L’histoire de la Maison

François LEROY est vigneron, propriétaire de vignes à Auxey-Duresses — où il demeure — à Meursault, à Pommard, au Chambertin, au Musigny, au Clos Vougeot et au Richebourg.

Il vend ses vins par l’intermédiaire du Comptoir des Propriétaires de la Côte-d’Or, 18-20 rue des Tonneliers à Beaune, en témoigne un document/tarif daté “Beaune 15 décembre 1851”, où sont cotés ses Richebourg et ses Musigny.

Désireux sans doute de s’agrandir, il fonde en 1868 la Maison Leroy.

Son fils Joseph, avec l’aide intelligente de son épouse Louise CURTELEY, continue le travail entrepris et développe l’affaire. Il est aussi distillateur et liquoriste. Ses efforts se voient récompensés puisqu’il obtient aux différentes expositions à Bruxelles en 1897, à Dijon en 1898 et à La Rochelle en 1911 plusieurs médailles et grands prix.

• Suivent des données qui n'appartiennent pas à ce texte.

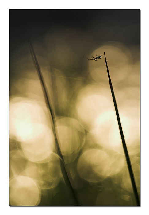 Il ragnetto lo sa bene e con cautela s'incammina lungo quell'esile filo di seta, e noi tutti a chiederci come farà a non lasciarsi distrarre dai bagliori dorati alle sue spalle? A immedesimarmi nel bestiolino so già che finirei spiaccicata per terra!

Henri LEROY entre dans l’affaire familiale en 1919. Il la développe considérablement en créant une branche eaux-de-vie à Gensac La Pallue et une distillerie modèle à Segonzac en plein cœur des grandes champagnes.

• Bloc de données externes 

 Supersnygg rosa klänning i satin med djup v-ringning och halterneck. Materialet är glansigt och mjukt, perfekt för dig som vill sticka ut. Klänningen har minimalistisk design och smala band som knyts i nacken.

Ami d’Edmond GAUDIN DE VILLAINE, il s’efforce de le dissuader de vendre le Domaine de la Romanée-Conti, dont sa première épouse Marie-Dominique CHAMBON et son frère Jacques CHAMBON sont devenus les seuls propriétaires le 23 octobre 1912. Le Domaine, suite à la crise des années 20, se trouvait en vente dans un cabinet parisien depuis de longues années et les acquéreurs potentiels attendaient qu’il s’enfonce toujours un peu plus pour pouvoir l’acheter moins cher.

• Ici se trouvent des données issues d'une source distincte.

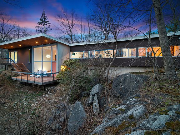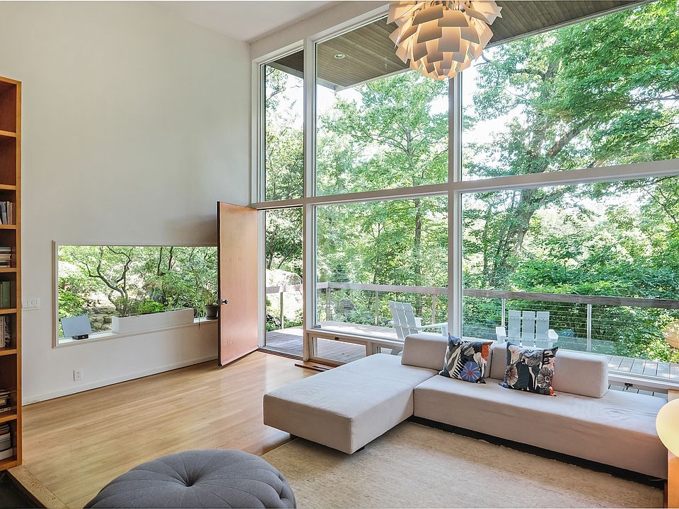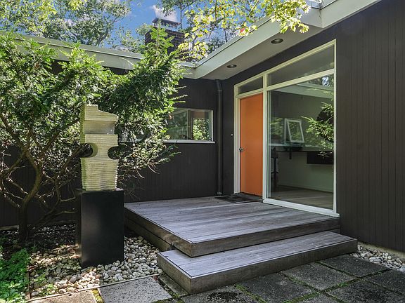 The Stoller Home, 1948. Designed by esteemed photographer, Ezra Stoller, alongside acclaimed architects, Abraham Geller, and George Nemeny. Sensitive additions and upgrades blend artistically with integrity and livability. A custom Nakashima mantle floats within the dramatic formal entry overlooking two-story view glass providing nature as artwork. Professional kitchen with ribbon windows and skylight becomes the backbone of the home. The main living spaces are open and inviting for wonderful entertaining! The bedroom wing has an enchanting master ensuite; a retreat itself. The house flows onto a beautiful patio overlooking a flat lawn for play and for repose, the welcoming Japanese influenced courtyard is perfect. Rare and refined. Waterfront access and neighborhood pool.

Henri LEROY réussit à convaincre son ami, mais Jacques CHAMBON reste inébranlable et lui vend en 1942 ses parts, soit la moitié du Domaine de la Romanée-Conti dont la famille Leroy est toujours propriétaire.

Henri LEROY se consacre alors entièrement pendant près de 40 ans à ce Domaine. Il lui donne le meilleur de lui-même : sa force, son intelligence, son professionnalisme, son cœur et il en fait ce qu’il est aujourd’hui : le fleuron de la Bourgogne.

Il meurt en 1980, heureux d’avoir tenu la promesse faite à son ami Edmond GAUDIN DE VILLAINE : « Ne vendez pas vos parts, restez, vous verrez, nous en ferons un joyau ».

En 1955, Lalou BIZE-LEROY, sa fille cadette, entre à son tour dans l’affaire, dont elle deviendra le Président-Directeur Général en 1971. Avec passion, elle s’efforce de comprendre, dégustations après dégustations, crus après crus, les caractères essentiels de chaque terroir bourguignon. Dans ses achats, elle recherche inlassablement le meilleur : le meilleur pour elle restant toujours à découvrir.

Chaque semaine, elle accompagne son père au Domaine de la Romanée-Conti dont elle devient avec Aubert DE VILLAINE cogérante en 1974 jusqu’au 15 janvier 1992. La maison Leroy a distribué les vins de la Romanée-Conti jusqu’au 15 janvier 1992 dans le monde entier, sauf aux États-Unis et au Royaume-Uni.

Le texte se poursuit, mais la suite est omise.